Hyperglycemia due to DM has emerged as a major problem that threatens health and causes vascular dysfunction [22]. As indicated by previous studies, HG (30 mM glucose, for 24 h) has direct toxicity to human umbilical vein ECs [23]. In many chronic metabolic diseases, vascular endothelial integrity is affected by EC proliferation and apoptosis, which assures blood vessel function. The present study showed that HG significantly reduced cell viability and resveratrol abolished these effects. Therefore, restoration of injured ECs via regulation of EC proliferation and apoptosis may be of significance.

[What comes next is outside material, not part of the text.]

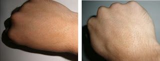 Passei uma camada fina na mão para mostrar a secagem. Dá para perceber que a 1ª imagem possui mais brilho, pois eu tinha acabado de aplicar.
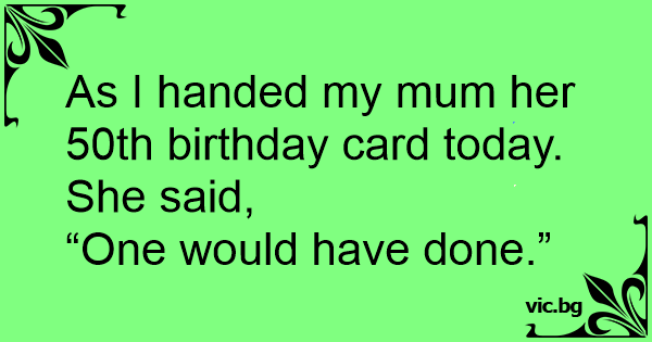 As I handed my mum her 50th birthday card today. She said,

Intracellular Ca2+, as a secondary messenger, regulates both cell survival and a massive increase in intracellular Ca2+, which can cause cell apoptosis [24]. The present study suggests that HG induces apoptosis of ECs by causing intracellular Ca2+ overload via the regulation of a SOCE-related increase in intracellular Ca2+ and expression of SOCE-related proteins. This is consistent with the previous finding that SOCE-related calcium regulation may be an important mechanism for determination of the fate of non-excited cells, such as proliferation, apoptosis, and autophagy [25,26,27]. In view of the previous evidence that resveratrol may interact with SOCE-related proteins, we hypothesized that the regulation of SOCE and intracellular calcium levels may be involved in the benefits of resveratrol against HG-induced EC apoptosis. When resveratrol was added together with Ca2+, we did not observe the inhibition of SOCE, suggesting that resveratrol did not function by inhibiting the Ca2+ channel pore. However, increasing the preincubation time with resveratrol before Ca2+ addition did not inhibit SOCE unless resveratrol was added together with TG shortly before triggering the emptying of Ca2+ stores [28], which is consistent with our results. Subsequently, we found that resveratrol had no effects on the expression of total Stim1, but the HG-stimulated Orai1 and TRPC1 upregulation was significantly abrogated by resveratrol pretreatment. Previous evidence confirmed that SOCE is activated by depletion of Ca2+ stores in the endoplasmic reticulum (ER) and is mediated essentially by two classes of proteins, Stim and Orai [29]. Orai1 is a four-transmembrane-spanning domain protein that forms a pore through the coordination of four subunits that acts as a Ca2+ release-activated Ca2+ channel (CRAC). Orai1 silencing decreases the probability of SOC activation. Orai1 may be an essential subunit of the transient receptor protein channel (TRPC) that is required for TRPC proteins to sense calcium store depletion and, hence, to be store-operated [21]. In the present study, Orai1 and TRPC1 expression were significantly suppressed by resveratrol, which may partly explain the mechanism of Ca2+ influx.

Conclusion

Our experiments indicated that resveratrol pretreatment is associated with relieved HG-induced EC apoptosis at least partly via inhibition of SOCE-related proteins, suggesting the potential protective role of resveratrol against DM-related vascular complications. Further in vivo studies are needed to confirm our results.